The most used single-cell analysis technology among the reviewed studies is scRNA-seq, indicating that the application of other single-cell omics technologies, such as proteomics, epigenomics, metabolomics, and spatial transcriptomics, to study stress may deserve more attention in the field. Spatial transcriptomics not only investigates the transcriptomics at a nearly single-cell level but also conserves a spatial map of cells across the tissues [141]. Sc-proteomics can survey ~48 protein markers and their functions in cells [232,233] and is currently expanding into two-dimensional (spatial) proteomics to decipher protein distribution and localization within subcellular components [234]. Multi-omics to explore stress impacts, providing multiple layers of markers and cell-to-cell interactions, is still rarely utilized and urgently needed in the stress research field [121,235].

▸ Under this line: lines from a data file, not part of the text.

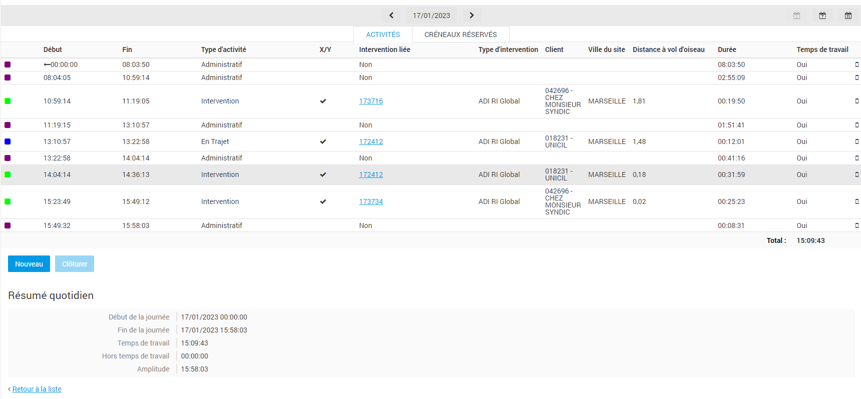 La production du technicien s’ouvre automatiquement sur le jour en cours. On peut modifier cet affichage de 3 façons différentes :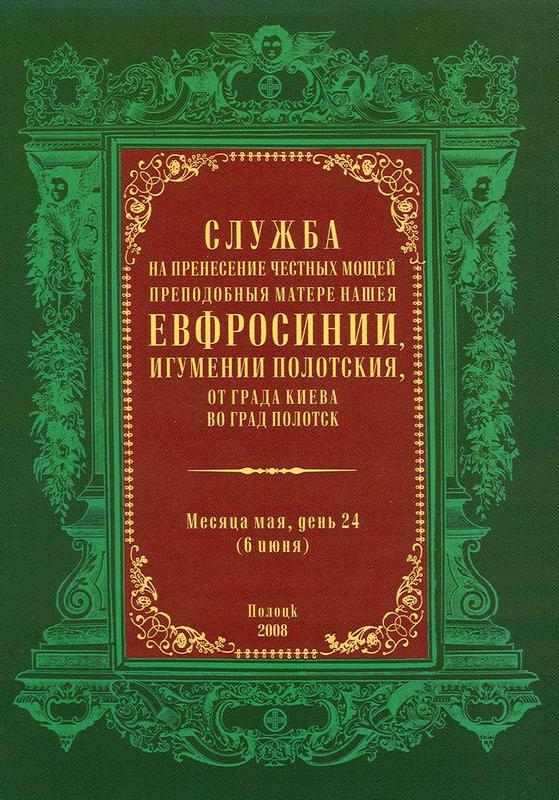 Служба на пренесение честных мощей преподобныя матере нашея Евфросинии, игумении Полотския от града Киева во град Полотск. Месяца мая, день 24 (6 июня)Место издания: Полоцк Год издания: 2008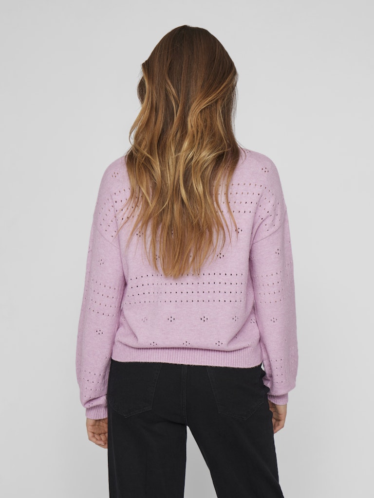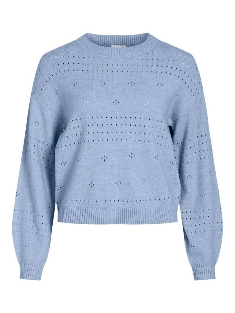 VILA GmbH / Damen-Strick / VIRIL L/S O-NECK POINTELLE KNIT TOP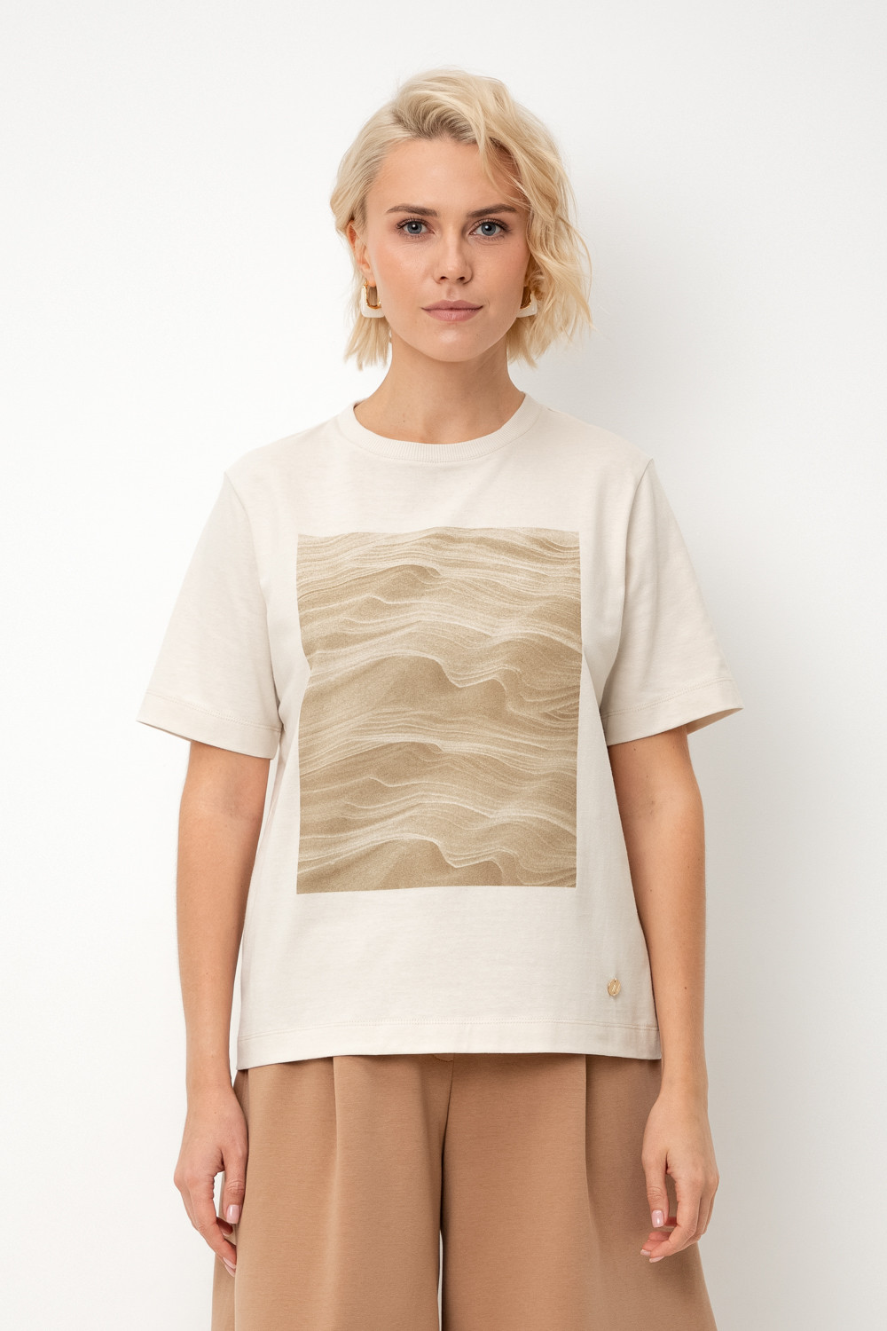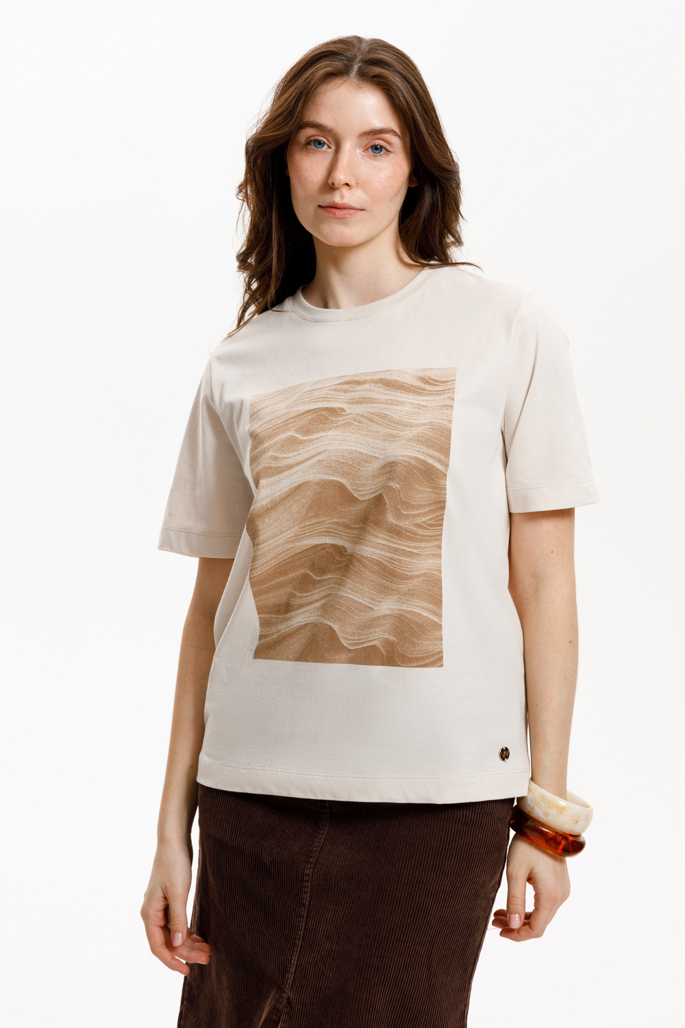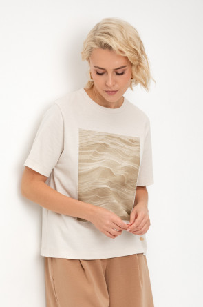 Футболка прямого силуэта из высококачественного гребенного хлопка. Мягкий на ощупь принт выполнен из водных красок, что обеспечивает устойчивость к многократным стиркам.

Physical stress is both inducive and derivative of multiple conditions and biological states (Table 1). These states vary wildly, ranging from underlying chronic high blood pressure to pancreatectomy [92,217]. Nevertheless, physical stress is often understood as exerting biomechanical stressors or otherwise involving pathways associated with extrinsic physical stimuli, such as in hypoxic stress and body-weight loading stress [119,236]. Physiological stress differs from physical stress; it is induced by chemicals or diseases [70,108]. Psychological stress typically affects cells via the psychoneuroimmunological pathways that can modulate various immune and inflammatory responses [19]. The immunoaffective stress responses may range from direct effects on cellular regulation and expansion to secreted cytokines that can indirectly dictate cellular function [19]. MDD and generalized anxiety disorder (GAD) are hallmark disorders in terms of these immunoaffective mental stress conditions [58,69,87]. Furthermore, multiple conditions are coexistent with both physical and mental stress or linked with sequential orders. Of these conditions, many are neurological in nature or are otherwise associated with the functioning of the nervous system. This form of stress is referred to as hybrid (physical or physiological/psychological) stress [69]. The pathophysiology of neurodegenerative conditions such as PD and AD illustrates that direct stress on neurons and other neuronal cells negatively affects myelination [70,110,121]. These hybridized stress conditions utilize the psychoneuroimmunological pathway that is also seen in mental stress, which can further add to the inflammatory damage seen in these conditions [19]. Of the three types of stress above, both physical and mental stress can be categorized as either acute or chronic. In a neuropsychiatric context, the most common differentiation between acute and chronic stress lies in the timeframe in which the stress is experienced [225]. When examining longitudinal stress periods, further differentiation is needed between repetitive stress (i.e., repeated acute stress) and prolonged stress (i.e., chronic stress) [18].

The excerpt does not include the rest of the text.